Saturday, March 14, 2009

Topps 1972 Final Page

Here are the last five cards from the 1972 Cubs team set

Ron Santo In Action: looks like he hit a pop up.

Hector Torres: The back of Hector's card proclaims "In 4 games vs. Mets, Hector hit .357 with 2 doubles." What is doesn't say is that against the rest of the league, Hector hit .182. He was traded to the Expos just before the start of the 1972 season.

Billy Williams: Sweet Swingin Billy is wearing a plastic jacket, too. Although 34 years old, Billy was at the peak of his career. He led the league in hitting in 1972, with a .333 mark. He also walloped 37 homers and knocked in 122 runs. He was in contention for the triple crown all season long, ending up third in home runs and second in RBI's to go along with his batting title. He was an All Star and finished second to Johnny Bench in the MVP balloting.

Billy Williams In Action: Ready to take a cut.

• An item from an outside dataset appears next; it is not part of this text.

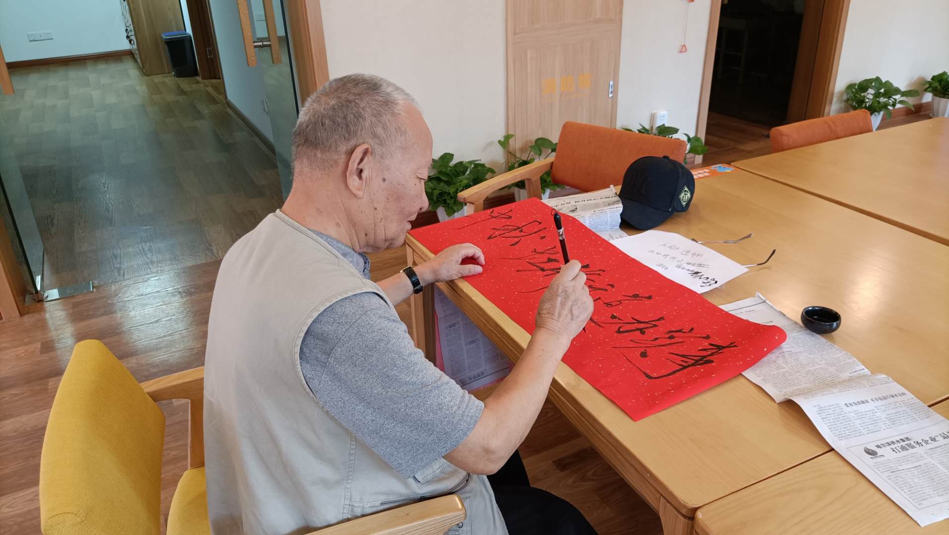 唐伯伯爱好书法,中秋国庆活动时还为我们提祝贺词,挥洒墨水,刚劲有力,抒发对虹桥敬老院的感谢之意唐培鑫长者对我们说,“敬老院不仅仅是一个单纯住的场所,也是一个让人身心愉悦的场所。原本以为敬老院冷冰冰的,没想到大家很热情,也很温馨。”

1972 Rookie Stars: As is the case with most rookie cards, only one of the players featured went on to a decent career. On this card it would be Burt Hooton. Hooton was drafted by the Cubs in the June 1971 draft and then went straight to the bigs. His signature pitch was the knucklecurve. He started three games and then was sent down to the minors. He made the team in 1972 and pitched a no hitter his first start of the season, on April 16, It was a sloppy no hitter, with him giving up 7 walks. Even though it was a Sunday, only 9,500 people turned out at Wrigley Field on a cold, rainy day. He ended the season with a record of 11-14, but a decent 2.80 ERA

Gene Hiser played on and off with the Cubs for five seasons. He never amounted to much, with a career average of .202

Earl Sephenson was traded by the Cubs in the Jose Cardenal trade. The rookie card was in the first series, so Topps had no time to change it.


So there you have the complete Topps 1972 Cubs. The team ended the strike shortened season in second place with a record of 85-70. Leo Durocher was fired midway through the year and replaced by Whitey Lockman. While they did finish second, they never really challenged for the title, finishing 11 games back of the Pirates. The boys of '69 were aging and this was their last decent season. In 1973 the team only posted 77 wins and in 1974 most of the stars were gone.

1 comment:

  1. I love the comment from the Torres card. Using an average for 4 games is silly. Why not just say he had x hits? He went 5-14, which is good, but to say he hit .357 makes me laugh.